Your Codespace will be ready in a few moments, providing a VS Code instance running in your browser.
AWS SSO allows you to manage access to multiple AWS accounts and business applications. To set it up:
- Set up AWS SSO in your AWS account following the instructions in the AWS SSO User Guide.
- In the AWS SSO console, create a permission set with the necessary permissions for your application. Assign this permission set to a user and specify the AWS account that the user can access.
- In your Codespace, open a terminal and run
aws configure sso
. This command starts the AWS CLI SSO configuration process. - When prompted, enter the URL of your AWS SSO user portal (you can find this URL in the AWS SSO console), the name of the AWS region where your AWS SSO directory is hosted, and the name of the profile that you want to create (for example,
dev
). - This command opens a web browser where you can sign in to your AWS SSO account. After you sign in, the command stores your AWS SSO credentials in a profile in your AWS configuration file.
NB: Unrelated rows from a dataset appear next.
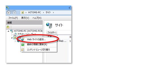IISで「サイト」を右クリックして「Webサイトの追加」で作成。
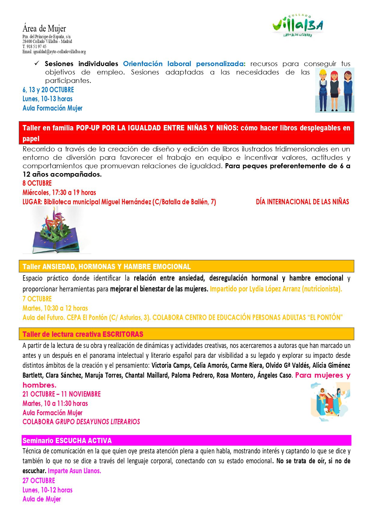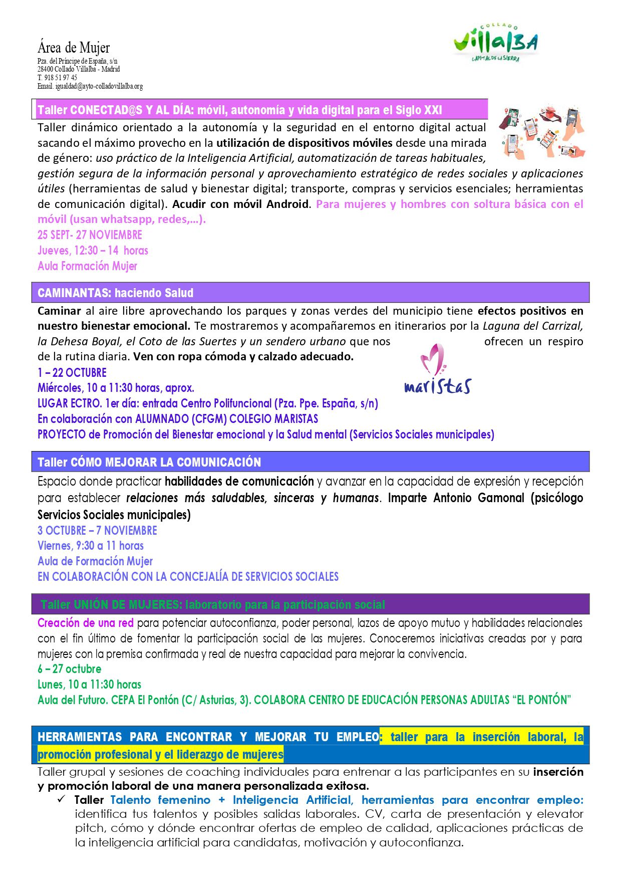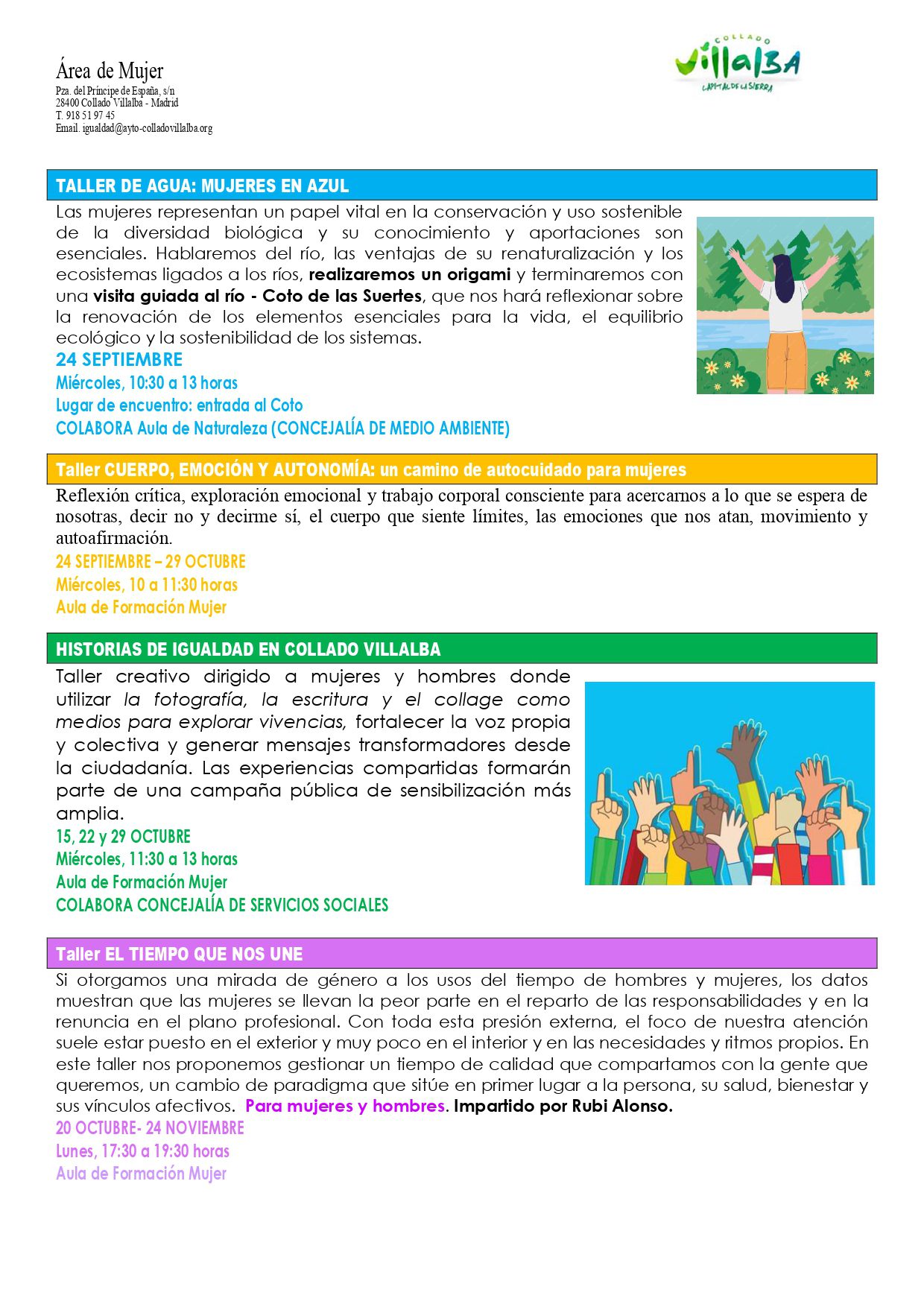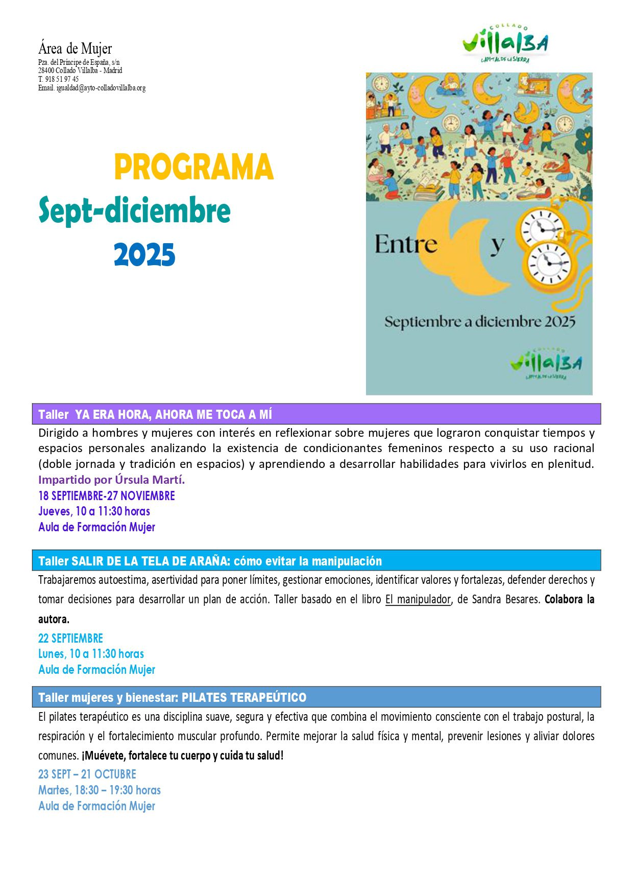 El Área de Mujer del Ayuntamiento de Collado Villalba ha presentado su programación para este último cuatrimestre del año, un variado y amplio abanico con más de 20 actividades y talleres diferentes y más de 500 plazas disponibles, con inscripción gratuita. Bajo el título “Entre lunas y relojes”, hoy, viernes 12 de septiembre, se abre el periodo de inscripción de una oferta formativa que la Concejalía de Mujer pone a disposición de la población del municipio bajo la premisa de crear espacios y tiempos compartidos por igual entre mujeres y hombres.
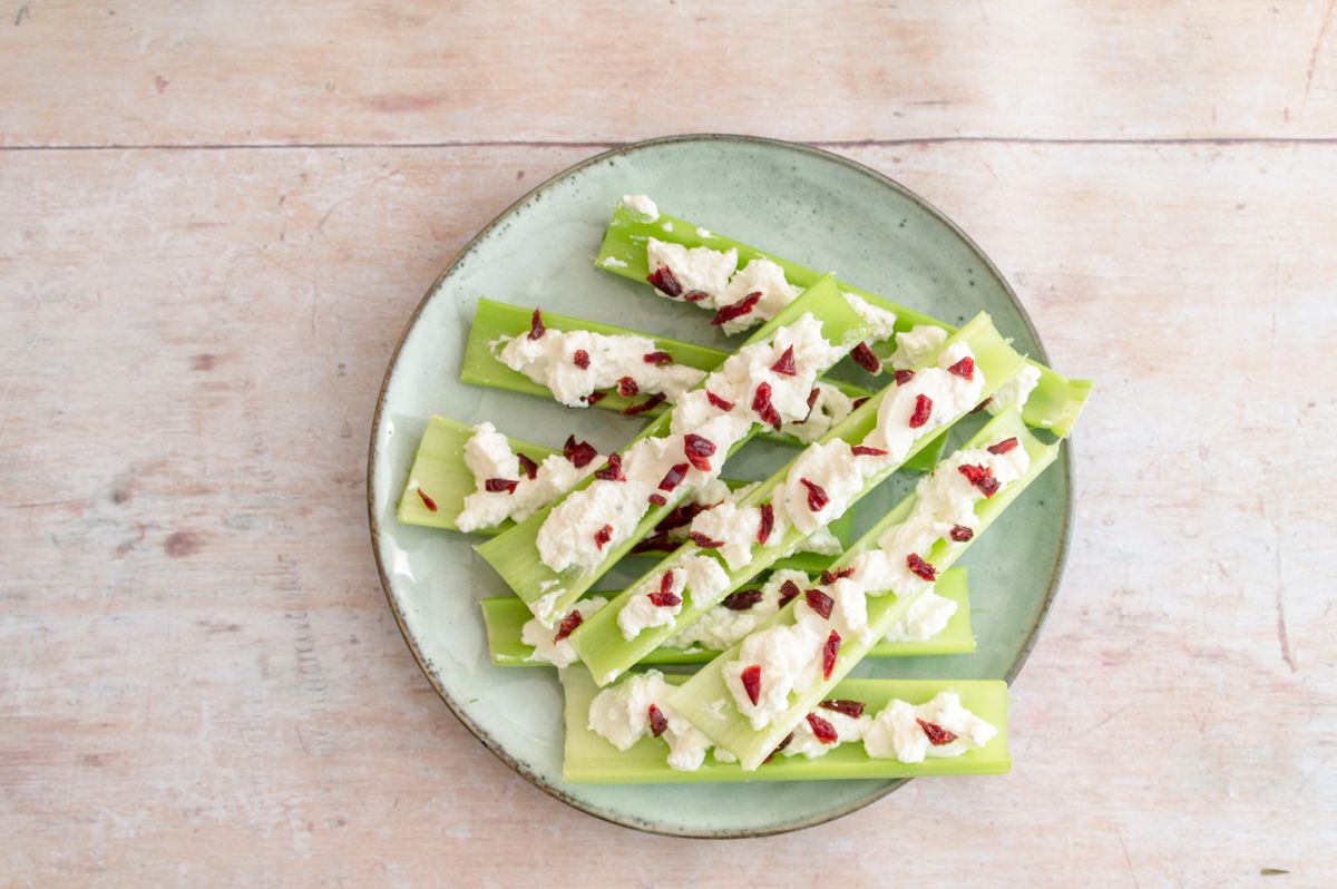 These tasty celery stalks are loaded with creamy lemon whipped ricotta cheese and topped with tart dried cranberries.
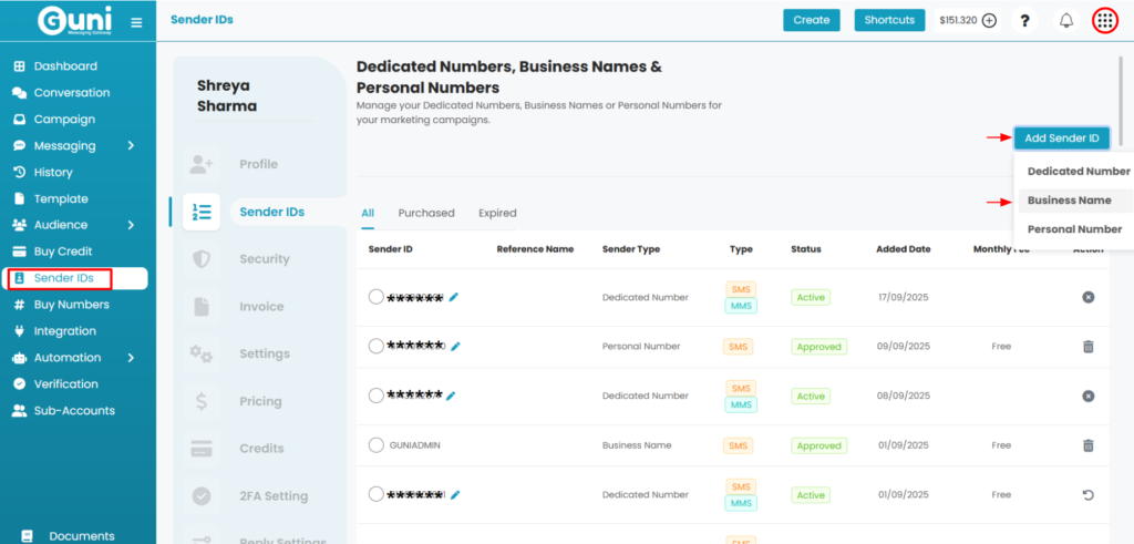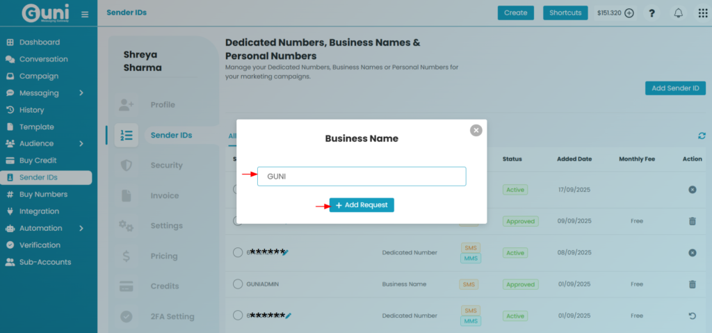 In Guni SMS, you can apply for alphanumeric Sender IDs (up to 11 characters), which are especially useful for marketing, alerts, and one or two – way transactional messages.

Now your AWS SSO credentials are set up in your Codespace, and your application can access AWS services. To use these credentials, specify the profile name when you run AWS CLI commands. For example, aws s3 ls --profile dev
.
SAM (Serverless Application Model) is a framework for building serverless applications on AWS, providing a simplified way to define and deploy serverless resources using AWS CloudFormation. The source code can be found in /serverless-upload-sam
. The template.yaml
file declares all the resources and the source code for the three Lambda functions are in /src/
. This codespace has the SAM CLI preconfigured for install. Use IAM Identity Center to create a user for SSO login. Instructions can be found here: https://aws.amazon.com/blogs/security/how-to-create-and-manage-users-within-aws-sso/
CDK (Cloud Development Kit) is a framework that allows developers to define and deploy infrastructure resources using familiar programming languages, such as TypeScript, Python, and Java, instead of writing CloudFormation templates. A CDK project is comprised of stacks defined in the /lib
folder. Stacks are compositions of constructs. Constructs are instantiaions of AWS resources declared as programming objects using the CDK API. The application entry point is in /bin
directory. The source code of the Lambda functions are in /lambda
.
Terraform is an open-source infrastructure as code tool that allows you to define and provision infrastructure resources across multiple cloud providers. It uses a declarative language to describe the desired state of your infrastructure and automatically manages the creation, modification, and deletion of resources to achieve that state. main.tf
is the complete resource manifest.
Architect is an open-source framework for serverless applications. It uses a terse manifest called .arc
file to declare your resources. It deploys CloudFormation stacks so you can eject from Architect to native CloudFormation at any time.
This project implements a serverless file upload system using three different frameworks: SAM (Serverless Application Model), CDK (Cloud Development Kit), and Terraform. Despite the differences in the tools used, the general architecture remains the same across all implementations.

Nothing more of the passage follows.